Судья сидел в кресле, было воскресенье, день объявления войны, и ты не знал, расслышал ли он ее слова, он слушал радио, а после речи премьер-министра вообще перестал обращать внимание на жену, улыбался, будто радуясь, что теперь-то наконец все начнется, и не поддался паническому страху жены, когда тихое потрескивание радиоаппарата вдруг прервалось сигналом воздушной тревоги, не откликнулся на невнятное бормотание, когда она, ничего не соображая, бросилась рыться в чемодане с вещами, самыми нужными вещами, необходимыми в убежище, и она без конца трясла его за плечо, пытаясь поднять и увести, дергала за рукав, как вдруг снова завыла сирена, а затем прозвучал отбой воздушной тревоги.

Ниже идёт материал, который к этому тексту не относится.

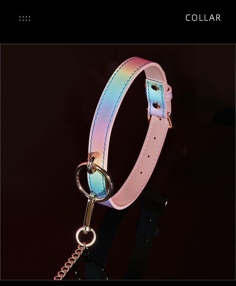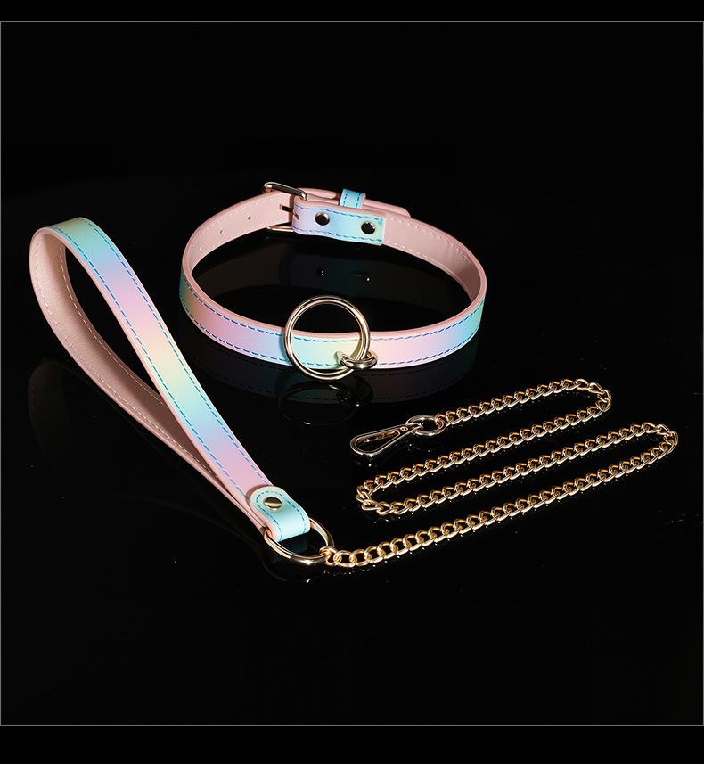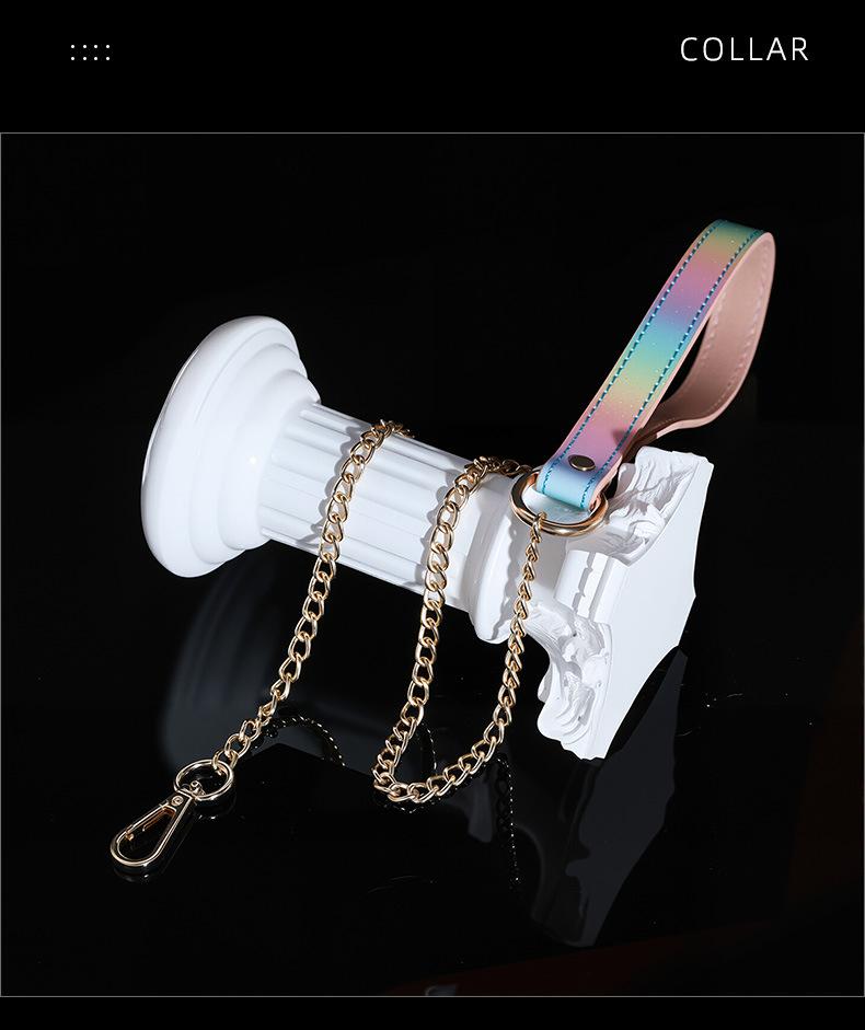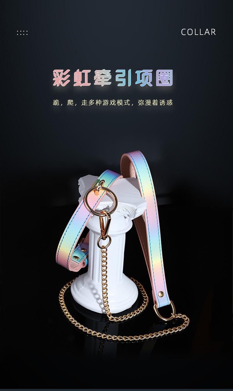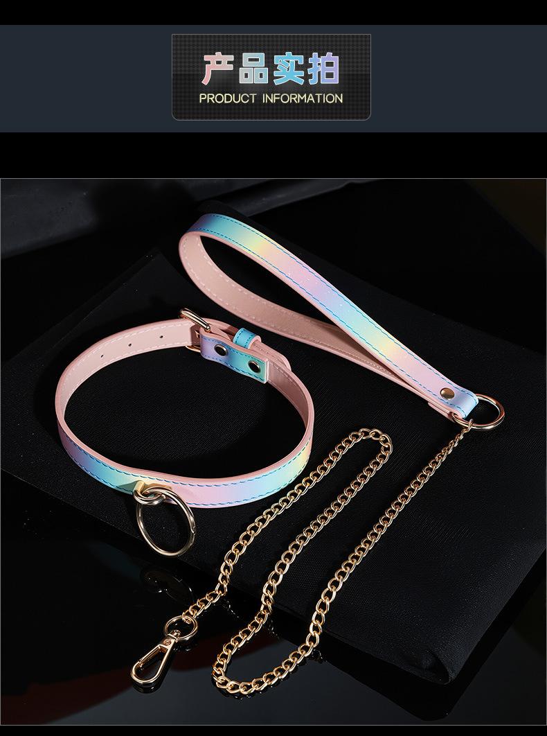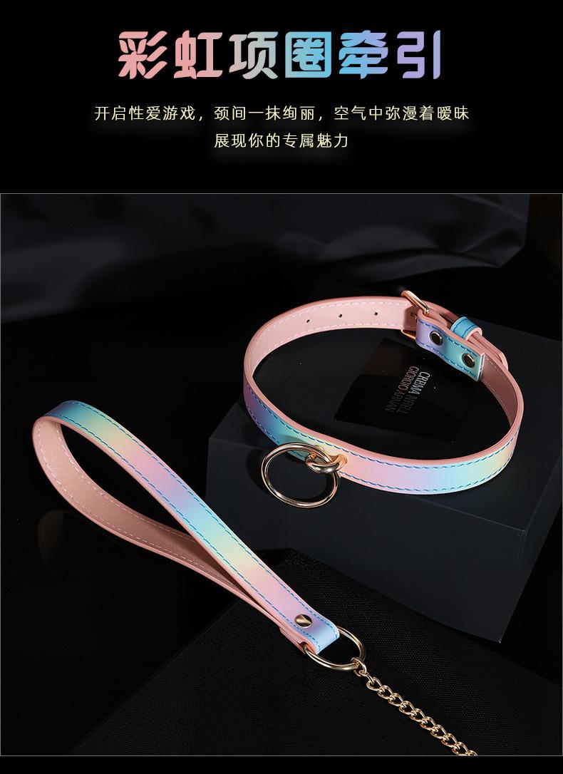 Compra Xu Qu Sexy Adulto SM Arcoíris Enseñó Collar de PU Parejas Flirteo Castigo Juguete Alternativo Accesorios al por mayor en Joom.pro

— Осторожность никогда не помешает, — послышалось от окна, — может, кто из них — шпион.
Лучше уж заранее принять меры, а то еще напакостят.
И сперва все то же ворчание, потом:
— Да какие тут шпионы!
И тот же голос, будто проснувшись:
— Если тут шпионы, тогда и я, считай, шпион.
И совсем тихо, свистящий шепот в ответ:
— Брось-ка, нечего притворяться! Ты же слышал о парашютистах? Десант сбросили на побережье.
— Да успокойся ты, — сказал судья, и ты увидел, что он взял жену за руку, погладил и, сдвинув очки на кончик носа, поглядел ей в глаза. — Нам нечего бояться, Эльвира.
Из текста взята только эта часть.